When bisect is the right choice:
The data is already sorted (or can be kept sorted).
Lookups, insertions, or range queries on sorted data are needed.
When a custom implementation may be warranted:
The search logic differs from a simple equality check (e.g., searching a rotated array).
The data structure is not a plain list (e.g., a sorted linked list or a binary search tree).
The most important practical pattern is: locate with bisect_left, then verify equality. This prevents false positives when the target is absent and avoids re-implementing binary search logic.

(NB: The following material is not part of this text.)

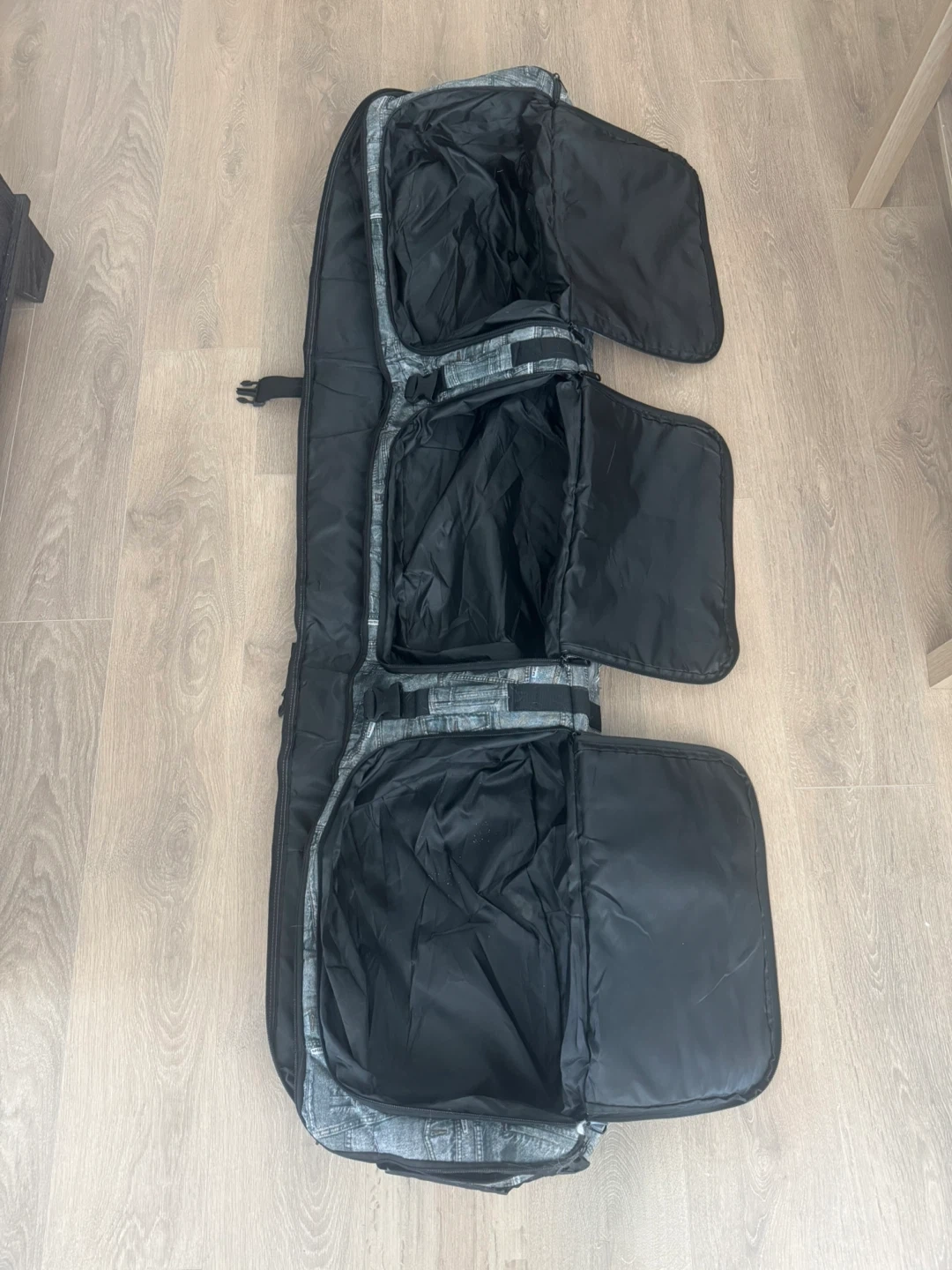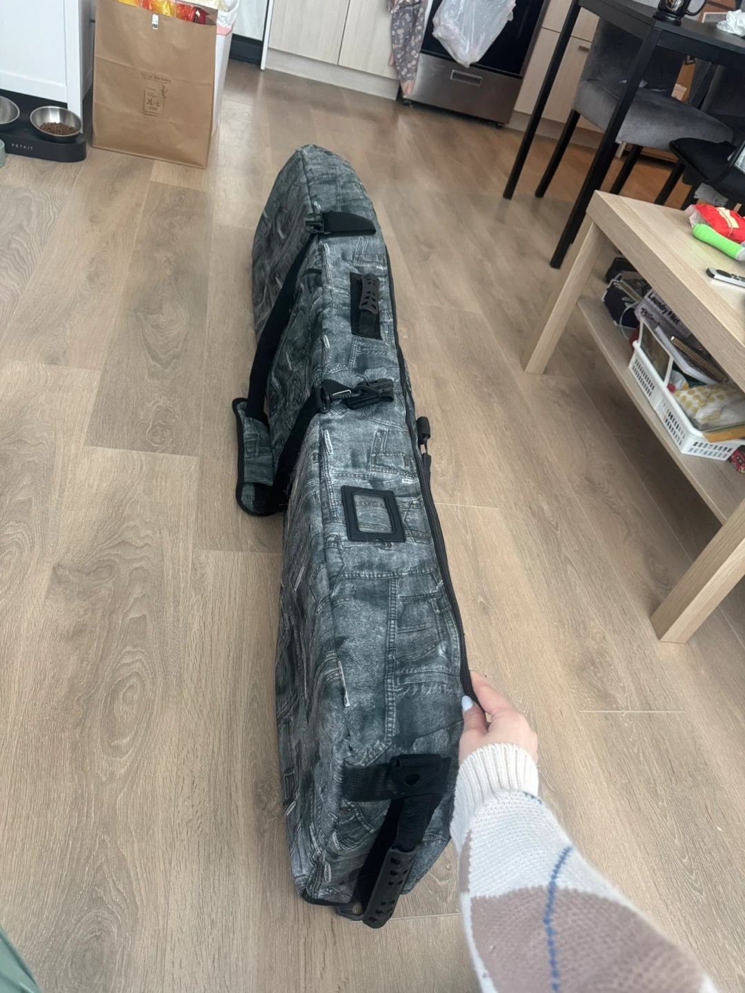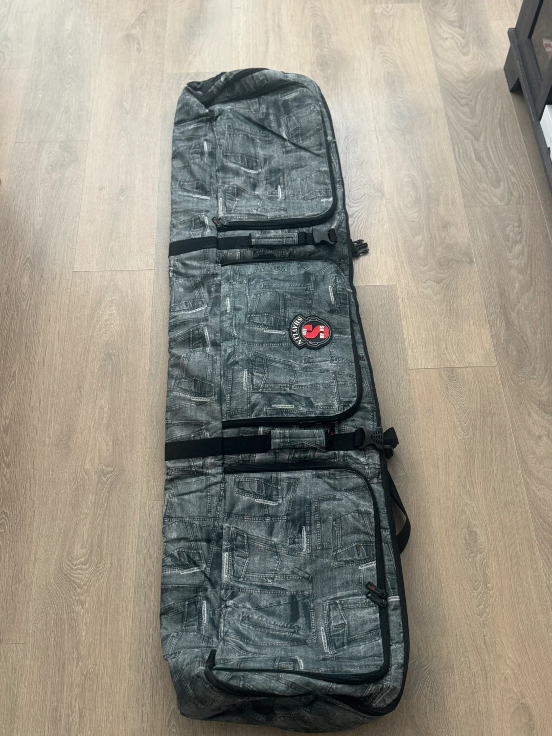Dakine padded roller snowboard bag in a denim-like grey pattern. It has multiple compartments and straps to keep your board and gear secure. Perfect for travel!
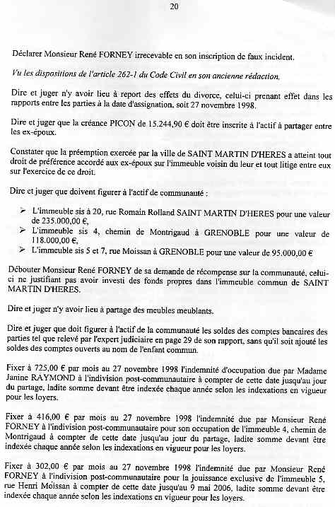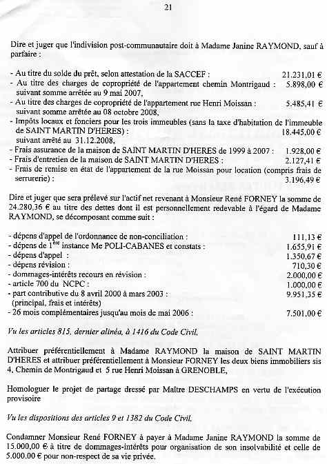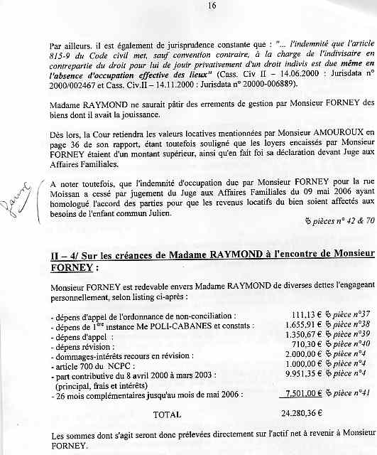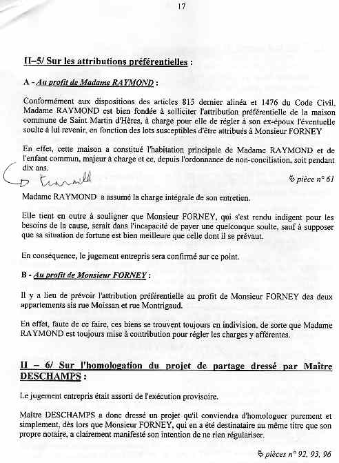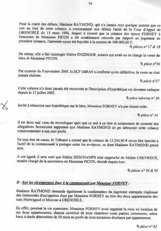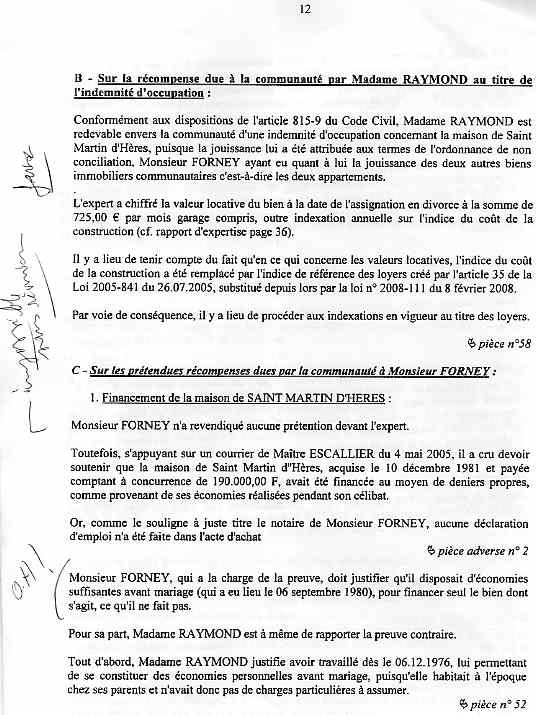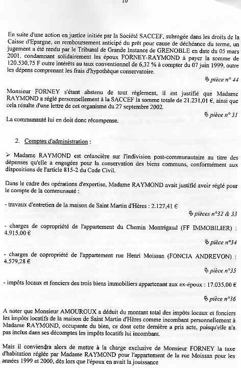| Accueil Le juge LEGER Jean-Claude truand du réseau au service des mafieux de l'immobilier dont mon ex-épouse qui a délivré pendant 15 ans des permis de construire ! Voir la réponse partielle (à cause du manque de pièces adverses non communiquées ) aux conclusions ci-dessous sur une liquidation de communauté d'une spoliation par des escrocs en bandes organisées dont des policiers, gendarmes, avocats, avouées, huissiers, experts, notaire, juges ... ? |

13.2.3.2. Insertion with insort#
bisect.insort(a, x) keeps a list sorted as new elements arrive. Internally it calls bisect_right to find the correct position, then calls list.insert() to place the element there.
The two-step cost matters in practice:
Finding the position takes \(O(\log n)\) — binary search locates the slot.
Shifting elements to make room takes \(O(n)\) — every item after the insertion point moves one index to the right.
The overall cost per insort call is therefore \(O(n)\), dominated by the shift. This is acceptable when insertions are infrequent and the list must remain sorted at all times (an online scenario; meaning “one item at a time, future items unknown”). It becomes a bottleneck when adding many items at once: appending all items and calling list.sort() once costs \(O(n \log n)\) total, versus \(O(n^2)\) for \(n\) individual insort calls.
The code below illustrates all three ideas: the absent/present distinction between bisect_left and bisect_right, the insort operation, and the bisect_search idiom.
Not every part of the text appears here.